Джордж знал, что Констанция сумеет их очаровать и, возможно, даже изменить их подозрительное отношение к католикам, столь распространенное в американском обществе. Но если по какой-либо причине его семья не примет Констанцию, он просто перестанет считать себя Хазардом. За последние несколько дней эта девушка стала смыслом его жизни и причиной страха поймать случайную мексиканскую пулю, которого он прежде не испытывал.

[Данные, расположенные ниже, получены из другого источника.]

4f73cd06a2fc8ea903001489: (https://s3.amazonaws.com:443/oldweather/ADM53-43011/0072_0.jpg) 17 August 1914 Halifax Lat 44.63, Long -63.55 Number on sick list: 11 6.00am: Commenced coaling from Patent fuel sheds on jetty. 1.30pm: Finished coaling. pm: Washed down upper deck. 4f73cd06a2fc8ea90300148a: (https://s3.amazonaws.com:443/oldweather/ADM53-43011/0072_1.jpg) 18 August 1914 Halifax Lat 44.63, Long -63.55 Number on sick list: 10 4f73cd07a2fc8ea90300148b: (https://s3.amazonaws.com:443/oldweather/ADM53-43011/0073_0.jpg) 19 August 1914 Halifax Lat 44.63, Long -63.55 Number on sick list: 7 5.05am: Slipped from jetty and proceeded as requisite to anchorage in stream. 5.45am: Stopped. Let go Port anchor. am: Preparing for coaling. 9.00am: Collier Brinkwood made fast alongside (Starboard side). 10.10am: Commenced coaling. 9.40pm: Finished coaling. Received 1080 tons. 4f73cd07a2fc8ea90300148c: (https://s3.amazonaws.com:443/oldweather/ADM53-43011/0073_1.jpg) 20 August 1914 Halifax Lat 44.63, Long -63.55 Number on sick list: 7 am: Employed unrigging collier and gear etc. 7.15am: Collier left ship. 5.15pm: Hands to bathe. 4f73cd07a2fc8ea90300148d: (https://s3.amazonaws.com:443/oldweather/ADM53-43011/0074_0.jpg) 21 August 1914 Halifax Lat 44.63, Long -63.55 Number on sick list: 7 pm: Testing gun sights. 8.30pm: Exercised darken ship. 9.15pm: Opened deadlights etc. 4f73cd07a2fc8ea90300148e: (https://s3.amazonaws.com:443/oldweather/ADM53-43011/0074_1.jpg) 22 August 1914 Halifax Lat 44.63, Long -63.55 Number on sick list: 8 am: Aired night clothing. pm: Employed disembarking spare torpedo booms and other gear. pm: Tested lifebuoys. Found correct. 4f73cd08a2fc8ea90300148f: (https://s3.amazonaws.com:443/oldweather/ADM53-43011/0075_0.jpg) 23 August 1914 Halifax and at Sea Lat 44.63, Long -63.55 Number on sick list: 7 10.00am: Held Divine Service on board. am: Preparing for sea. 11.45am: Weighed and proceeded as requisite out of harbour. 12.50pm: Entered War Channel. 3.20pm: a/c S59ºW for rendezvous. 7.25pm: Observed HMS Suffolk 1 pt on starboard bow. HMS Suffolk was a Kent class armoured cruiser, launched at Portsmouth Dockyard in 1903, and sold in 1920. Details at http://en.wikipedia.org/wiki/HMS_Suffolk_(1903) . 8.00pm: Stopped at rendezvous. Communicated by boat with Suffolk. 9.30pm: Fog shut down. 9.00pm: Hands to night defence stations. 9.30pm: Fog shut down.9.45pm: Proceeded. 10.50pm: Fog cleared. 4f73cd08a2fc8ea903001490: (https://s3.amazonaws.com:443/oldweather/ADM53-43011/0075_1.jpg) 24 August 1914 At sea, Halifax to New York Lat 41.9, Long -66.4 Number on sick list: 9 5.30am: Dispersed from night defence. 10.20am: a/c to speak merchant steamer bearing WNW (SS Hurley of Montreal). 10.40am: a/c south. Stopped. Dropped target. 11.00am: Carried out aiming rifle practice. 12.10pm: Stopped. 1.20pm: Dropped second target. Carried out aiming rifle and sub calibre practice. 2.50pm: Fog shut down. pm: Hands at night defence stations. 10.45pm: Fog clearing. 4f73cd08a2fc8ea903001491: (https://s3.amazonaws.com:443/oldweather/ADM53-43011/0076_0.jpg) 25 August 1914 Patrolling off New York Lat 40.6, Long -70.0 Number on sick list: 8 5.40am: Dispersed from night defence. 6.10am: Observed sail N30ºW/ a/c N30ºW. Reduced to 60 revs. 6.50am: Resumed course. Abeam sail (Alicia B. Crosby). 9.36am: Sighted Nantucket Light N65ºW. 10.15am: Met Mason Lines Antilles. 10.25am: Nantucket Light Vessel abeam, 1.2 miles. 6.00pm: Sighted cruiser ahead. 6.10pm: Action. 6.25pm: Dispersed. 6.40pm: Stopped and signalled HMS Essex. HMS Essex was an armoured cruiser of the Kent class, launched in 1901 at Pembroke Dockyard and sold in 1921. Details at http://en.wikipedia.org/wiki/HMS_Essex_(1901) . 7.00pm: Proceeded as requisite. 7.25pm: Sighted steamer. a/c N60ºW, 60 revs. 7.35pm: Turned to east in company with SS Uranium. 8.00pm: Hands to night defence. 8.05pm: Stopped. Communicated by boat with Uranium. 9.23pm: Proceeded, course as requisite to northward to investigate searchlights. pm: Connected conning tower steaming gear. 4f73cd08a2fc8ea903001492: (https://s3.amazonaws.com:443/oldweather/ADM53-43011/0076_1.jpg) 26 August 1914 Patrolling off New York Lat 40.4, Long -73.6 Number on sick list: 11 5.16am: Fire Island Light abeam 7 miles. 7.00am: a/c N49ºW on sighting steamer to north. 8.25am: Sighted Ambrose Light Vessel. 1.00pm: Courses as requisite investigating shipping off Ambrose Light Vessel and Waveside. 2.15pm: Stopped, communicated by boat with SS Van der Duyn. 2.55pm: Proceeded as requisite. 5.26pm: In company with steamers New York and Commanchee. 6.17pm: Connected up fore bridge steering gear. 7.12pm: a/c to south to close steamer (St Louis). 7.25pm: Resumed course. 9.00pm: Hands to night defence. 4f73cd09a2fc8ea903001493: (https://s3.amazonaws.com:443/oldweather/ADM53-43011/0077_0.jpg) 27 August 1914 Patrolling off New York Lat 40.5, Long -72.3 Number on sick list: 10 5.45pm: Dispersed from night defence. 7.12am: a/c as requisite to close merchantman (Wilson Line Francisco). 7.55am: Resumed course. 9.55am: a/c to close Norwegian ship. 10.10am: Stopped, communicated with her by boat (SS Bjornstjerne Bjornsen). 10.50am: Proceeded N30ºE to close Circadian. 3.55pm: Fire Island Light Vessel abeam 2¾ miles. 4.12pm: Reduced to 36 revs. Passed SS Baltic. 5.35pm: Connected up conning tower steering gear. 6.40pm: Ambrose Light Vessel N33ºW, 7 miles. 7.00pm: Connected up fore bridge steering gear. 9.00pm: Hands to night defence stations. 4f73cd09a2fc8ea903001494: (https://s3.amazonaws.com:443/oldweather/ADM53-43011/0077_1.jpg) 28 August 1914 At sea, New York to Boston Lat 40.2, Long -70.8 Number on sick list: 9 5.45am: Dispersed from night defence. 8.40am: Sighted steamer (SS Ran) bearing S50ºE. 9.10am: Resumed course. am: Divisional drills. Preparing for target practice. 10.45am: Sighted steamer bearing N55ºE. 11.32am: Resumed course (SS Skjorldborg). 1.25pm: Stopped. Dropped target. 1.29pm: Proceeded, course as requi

– Ваш рассказ о семье произвел на отца сильное впечатление, – сказала Констанция. – Он считает большинство техасцев глупцами, ведь они упорно не желают признавать, что заводы играют все более важную роль по сравнению с земледелием.
– Родные моего друга Орри тоже этого не признают.
– Южане иногда бывают очень узколобыми.
Не более узколобыми, чем северяне, подумал Джордж, вспоминая один случай в Пенсильвании перед его отъездом в Монт-Роял. На стенах одного из католических храмов кто-то намалевал красной краской непристойные фразы. Даже его брат Стэнли, который не считал себя приверженцем папизма, был возмущен таким бесчинством, хотя на самом деле его больше взбесили сами слова, чем причина этого поступка.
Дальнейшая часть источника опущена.